1. Have any vascular, neurological, or other condition or disorder (e.g., rheumatoid arthritis, osteoarthritis) that could reasonably explain pain
2. have implanted metal non compatible with MRI or shockwave therapy
3. are pregnant
4. are diagnosed with thrombosis, thrombophlebitis, or coagulation disorders
5. have anxiety or claustrophobia that will be aggravated by the confined spaces of the fMRI.

Study Plan

How is the study designed?

Design Details

• Primary Purpose: Treatment
• Allocation: Randomized
• Interventional Model: Crossover Assignment
• Masking: Single

Number of Arms

2

Arms and Interventions

Participant Group / Arm	Intervention / Treatment
Experimental: Group 1 - Radial Shockwave Therapy Group; Participants in Group 1 will receive RSWT to the most painful spot within each of the 3 most painful regions as described by the participant. Treatments will be spaced one week apart over a 5 week period of time. 5 weekly sessions with treatment to the painful areas will be undertaken with 500 shocks (1.5 bar, 15 Hz), then 1000 shocks (2 bar, 8 Hz), and finally 500 shocks (1.5 bar, 15 Hz) to the most painful spot.	Device: Radial Shockwave Therapy; 5 treatments in total scheduled weekly; RSWT to the painful areas will be undertaken with 500 shocks (1.5 bar, 15 Hz), then 1000 shocks (2 bar, 8 Hz), and finally 500 shocks (1.5 bar, 15 Hz) to the most painful spot within each of the 3 most painful regions as described by the participant.; Other Names: Storz D-Actor 100
Placebo Comparator: Group 2 - Placebo Group; Participants in Group 2 will receive a placebo treatment with a soft rubber cap applied to the applicator, leaving air between the transmitter and the cap and the participant's skin so that no shockwave will be generated nor applied to the participant's skin. Treatments will be spaced one week apart over a 5 week period of time. 5 weekly sessions with placebo treatment to the painful areas will be undertaken with 2000 placebo shocks (15 Hz) producing an audible sound but no therapeutic dosage to the most painful spot.
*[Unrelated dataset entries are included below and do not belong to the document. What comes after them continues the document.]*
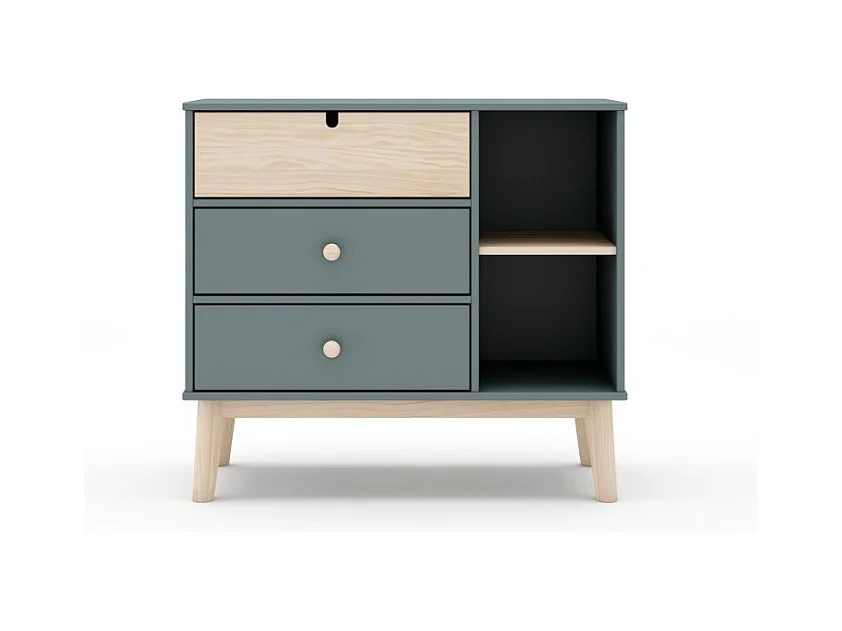 Cómoda infantil efecto madera con patas de pino, 3 cajones verde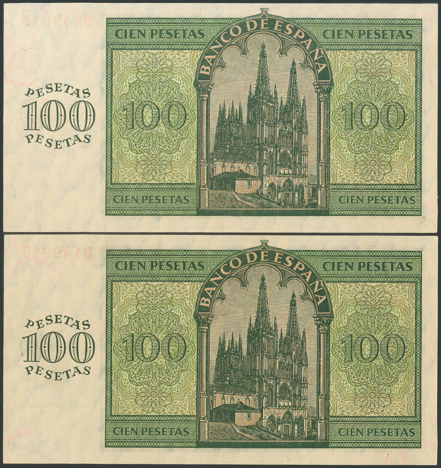 100 Pesetas. 21 de Noviembre de 1936. Pareja correlativa. Serie B. (Edifil 2017: 421a). Conserva su apresto original. EBC+.
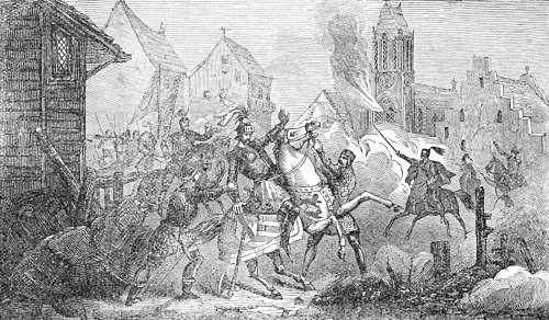 In the execution of his threat to make Philip's dominions too hot to hold him, William, as soon as he was able to mount his horse, headed an expedition, and crossed the frontiers of Normandy, and moved forward into the heart of France, laying waste the country, as he advanced, with fire and sword. He came soon to the town of Mantes, a town upon the Seine, directly on the road to Paris. William's soldiers attacked the town with furious impetuosity, carried it by assault, and set it on fire. William followed them in, through the gates, glorying in the fulfillment of his threats of vengeance. Some timbers from a burning house had fallen into the street, and, burning there, had left a smoldering bed of embers, in which the fire was still remaining. William, excited with the feeling of exultation and victory, was riding unguardedly on through the scene of ruin he had made, issuing orders, and shouting in a frantic manner as he went, when he was suddenly stopped by a violent recoil of his horse from the burning embers, on which he had stepped, and which had been concealed from view by the ashes which covered them. William, unwieldy and comparatively helpless as he was, was thrown with great force upon the pommel of the saddle. He saved himself from falling from the horse, but he immediately found that he had sustained some serious internal injury. He was obliged to dismount, and to be conveyed away, by a very sudden transition, from the dreadful scene of conflagration and vengeance which he had been enacting, to the solemn chamber of death. They made a litter for him, and a corps of strong men was designated to bear the heavy and now helpless burden back to Normandy.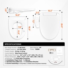 Smart Bidet Toilet Seat Elongated 3 modes Heated Auto Deodorization Nightlight
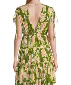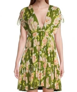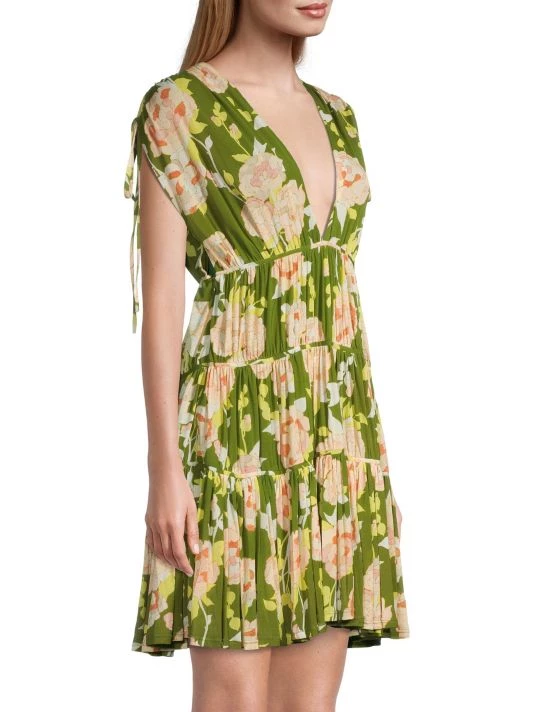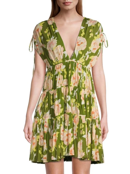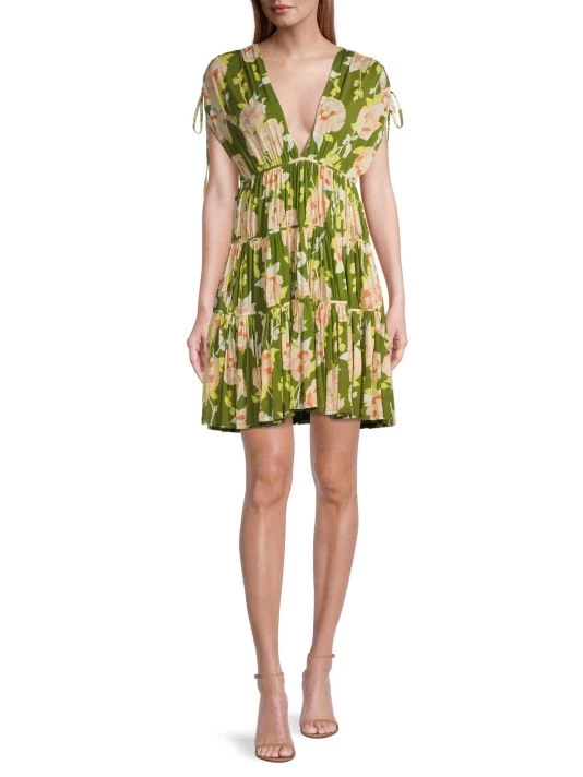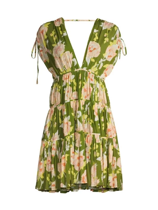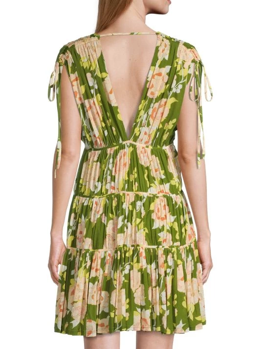 Decorated in an eye-catching floral print, Rebecca Taylor’s minidress flaunt a flattering low-cut V-neckline. This piece is designed with a flowy tiered construction.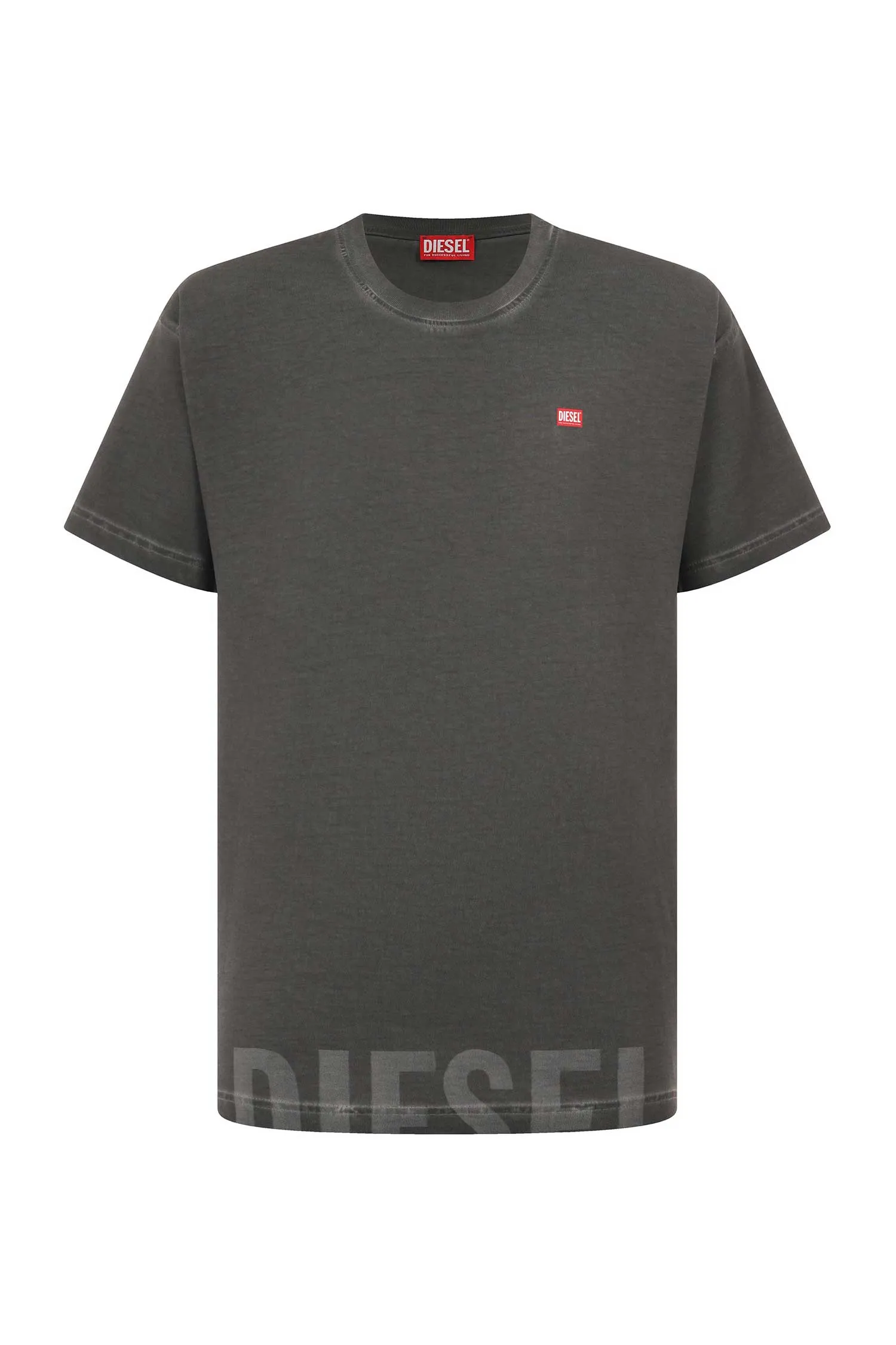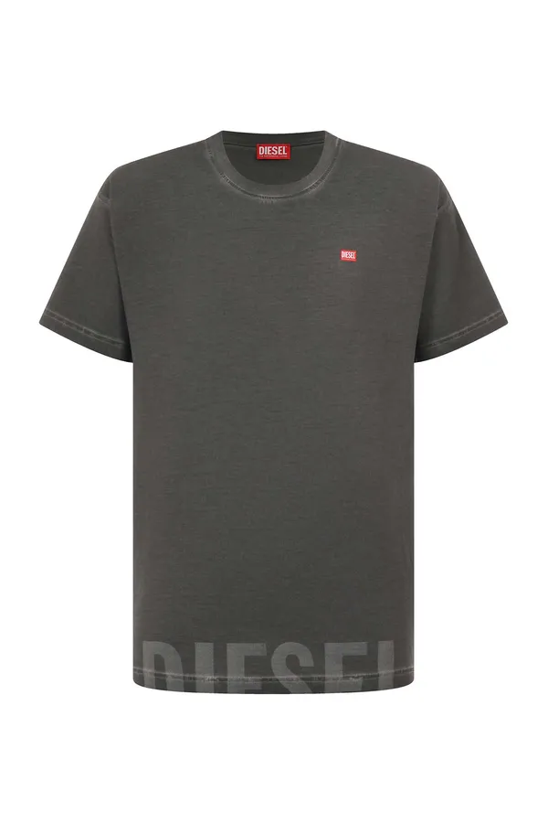 DIESEL ФУТБОЛКА Т/СЕРАЯ, ВЫВАРЕННАЯ, СНИЗУ КРУПНАЯ ЛОГО-НАДПИСЬ В ТОН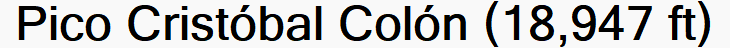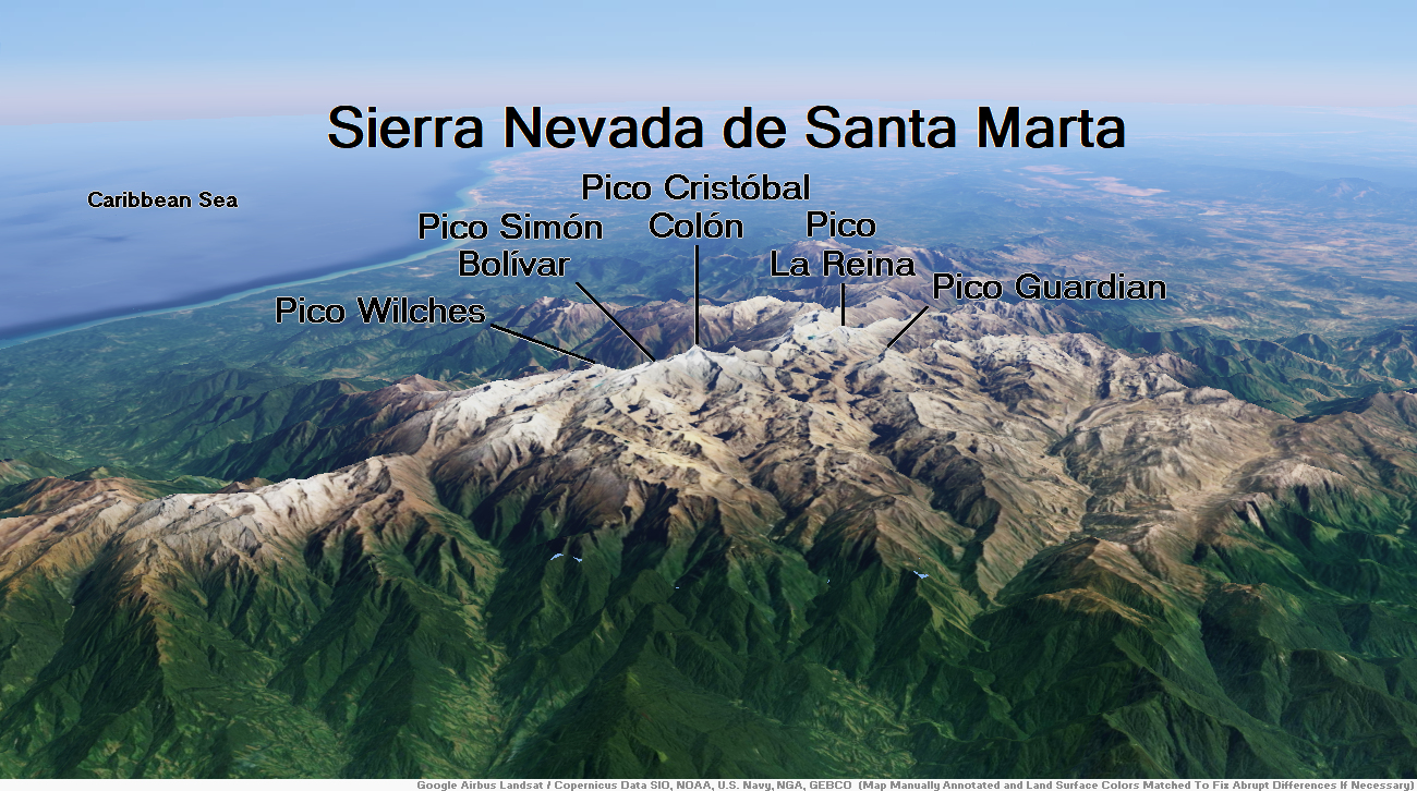 Pico Cristóbal Colón, known as Gonawindua in the indigenous Kogi language, is the second highest mountain in Colombia, with a reported height of 5,712.8 metres (18,743 ft).[1] It is 7.6 metres lower than Colombia’s highest mountain, Pico Simón Bolívar. There is a permanent snowcap on this peak and on the nearby mountains. It is part of the Sierra Nevada de Santa Marta range, along with Pico Simón Bolívar, and was named after Christopher Columbus.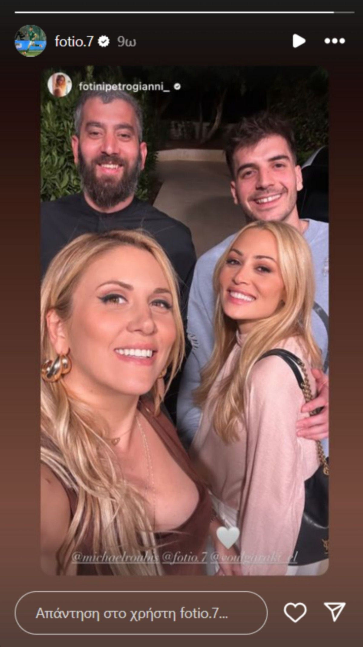 Η Φωτεινή Πετρογιάννη μάλιστα ανήρτησε στο Instagram μια φωτογραφία στην οποία ποζάρει μαζί με τον αγαπημένο της Μιχάλη Ρουμπή, την συνεργάτιδά της και τον Φώτη Ιωαννίδη στην κοινή τους έξοδο.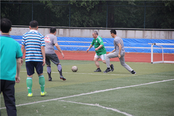 党委书记王丽娜为比赛开球。比赛开始,双方队员迅速进入状态,各队配合默契,防守严密,稳扎稳打。比赛进行的如火如荼,双方抓住每一次机会,将最佳的状态呈现给了现场观众。赛场边响起阵阵呐喊声加油声。经过90分钟的较量后,教师联队取得了比赛的胜利,老师和毕业生同学们互相拥抱,共叙师生情。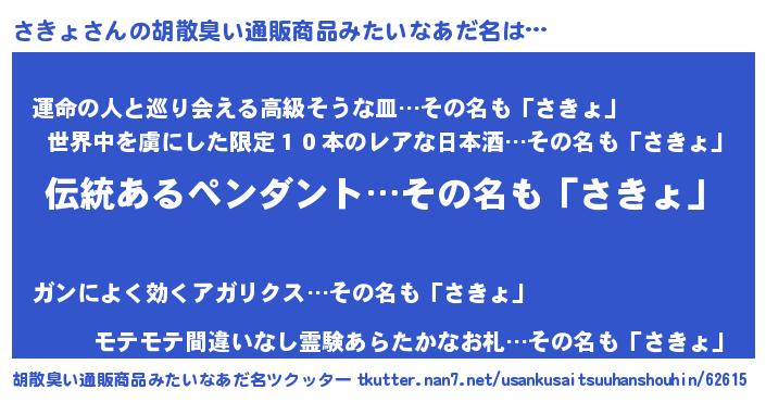 | 意味不明あだ名 | 『とにかく怪しいさきょ』『自称さきょ』 |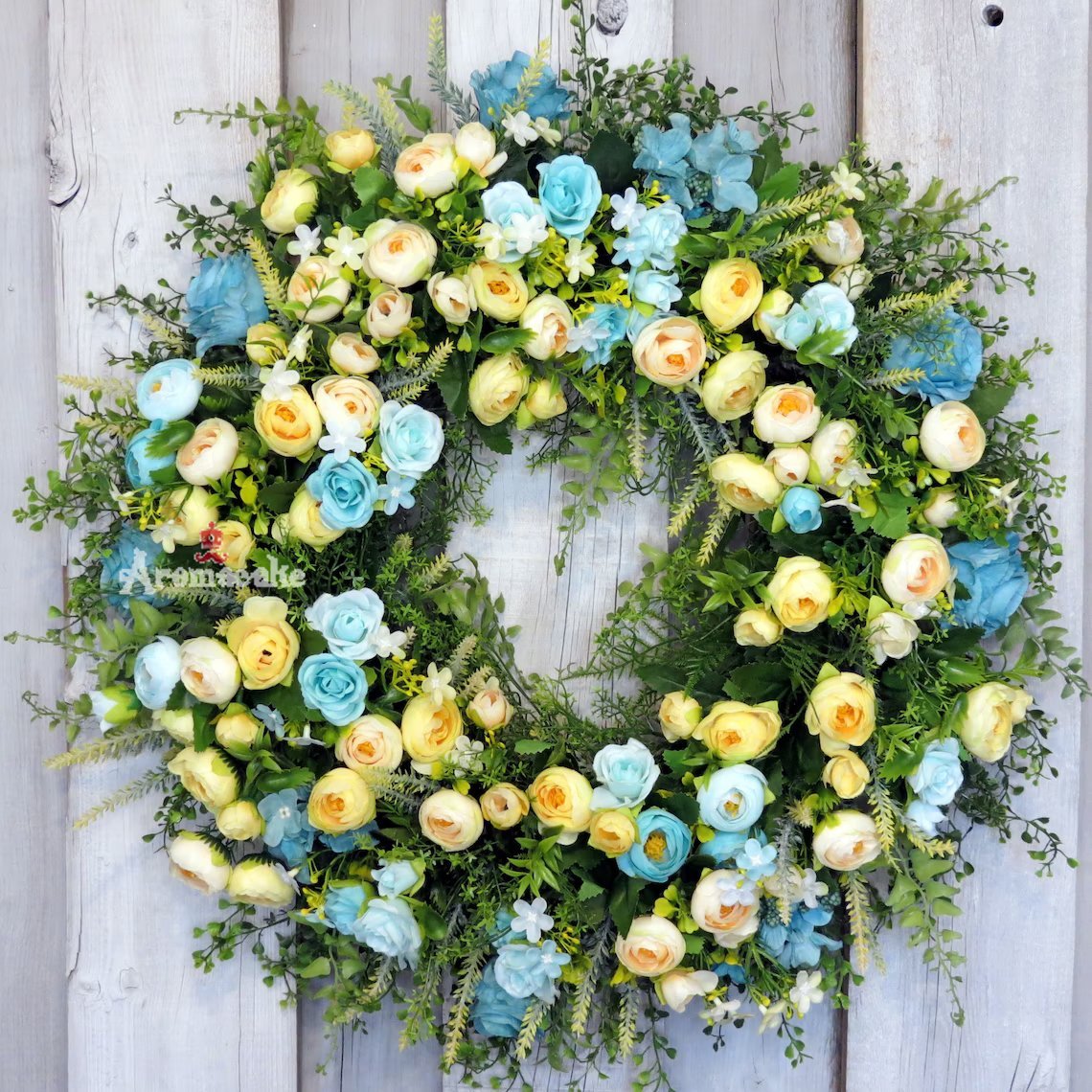 This wreath could be a sweet addition to your Spring/Summer Décor. Constructed as a 14 grapevine wreath features yellow and teal assorted silk roses and ranunculuses, a lot of spring greenery like a fern, maidenhair, and more, and accented with yellow lavender sprays.

Upon completion of the placebo treatment, participant's will be offered the experimental treatment but this data will not be used for comparison and analysis.	Other: Placebo Comparator: Group 2 - Placebo Group; 5 treatments in total scheduled weekly; placebo to the painful areas will be undertaken with 2000 shocks to the most painful spot within each of the 3 most painful regions as described by the participant.; Other Names: Storz D-Actor 100

What is the study measuring?

Primary Outcome Measures

Outcome Measure	Measure Description	Time Frame
Change in Visual Analog Scale (VAS) Pain Score from Baseline to 6 Weeks	Subject pain will be rated using a VAS by the participant for the 3 most painful regions.	Measured pre-treatment (baseline) and post-treatment (at 6 weeks)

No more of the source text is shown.